Se, por exemplo, os curdos tivessem os mesmos direitos em sua terra natal que os turcos podem exercer aqui na Europa como migrantes, muitos problemas já estariam resolvidos. Mas, ao contrário, para que os curdos e outros que não são turcos não consigam obter seus direitos básicos, o processo democrático é bloqueado.

Qual é o grau de influência da retórica religiosa islâmica, com suas regras sociais, que vincula e apoia a política atual na Turquia?

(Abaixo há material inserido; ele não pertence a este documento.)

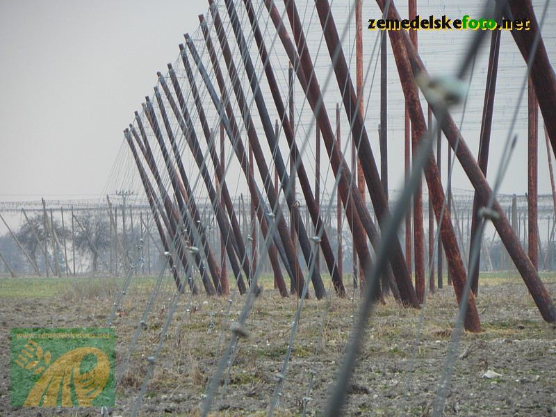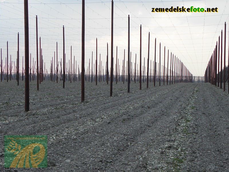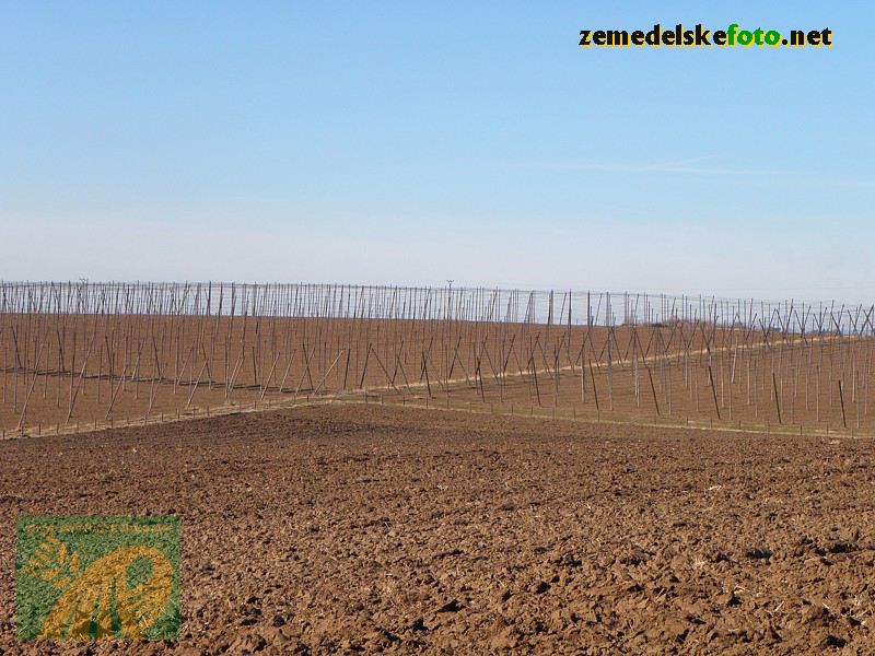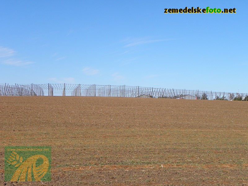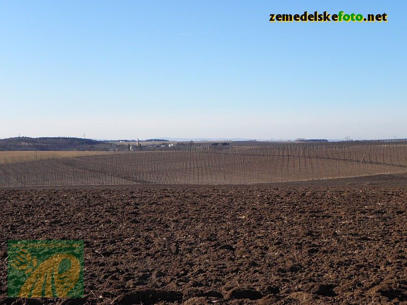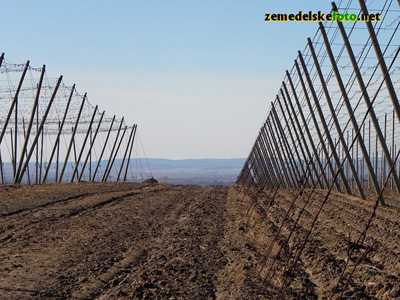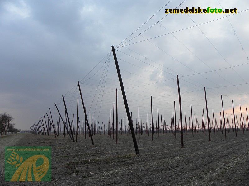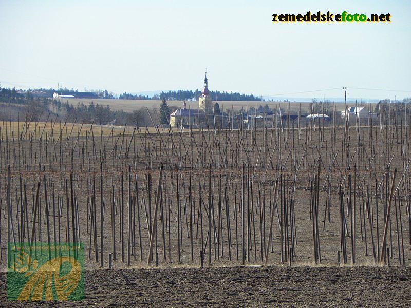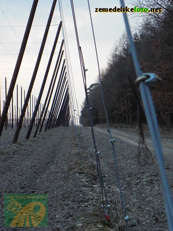Chmelnice na Tršicku v době vegetačního klidu (3.3.2012), v pozadí se rýsuje hřeben Drahanské vrchoviny.

D.Ç.: Historicamente e, portanto, politicamente, a política da Turquia foi dividida em uma corrente nacionalista kemalista (secular) e uma corrente nacionalista islâmica (religiosa). A corrente islâmica e conservadora foi amplamente marginalizada e condenada ao ostracismo até Erdoğan chegar ao poder em 2002. Desde então, essa corrente religiosa ganhou o controle. Assim, os inúmeros golpes militares na Turquia têm muito a ver com o conflito entre as duas correntes. Uma terceira corrente, a corrente democrática, que é o que o país precisa, no entanto, tem sido combatida e excluída por ambos os lados. Erdoğan pode apelar e mobilizar uma determinada base ao empregar uma retórica islâmica-conservadora e nacionalista. Para essa base, ele está tentando dizer algo como: se a corrente nacionalista kemalista e a corrente democrática – cuja vanguarda é o HDP e os curdos – assumirem o governo, eles restringirão seus próprios direitos. Ele apresenta os curdos e sua demanda por direitos básicos e democracia como se fossem inimigos. Dessa forma, ele pode convencer uma determinada parte da sociedade a apoiá-lo lutando contra os outros, espalhando assim o medo. Sua propaganda islâmica e sua abordagem política pragmática juntas o mantiveram à tona até agora.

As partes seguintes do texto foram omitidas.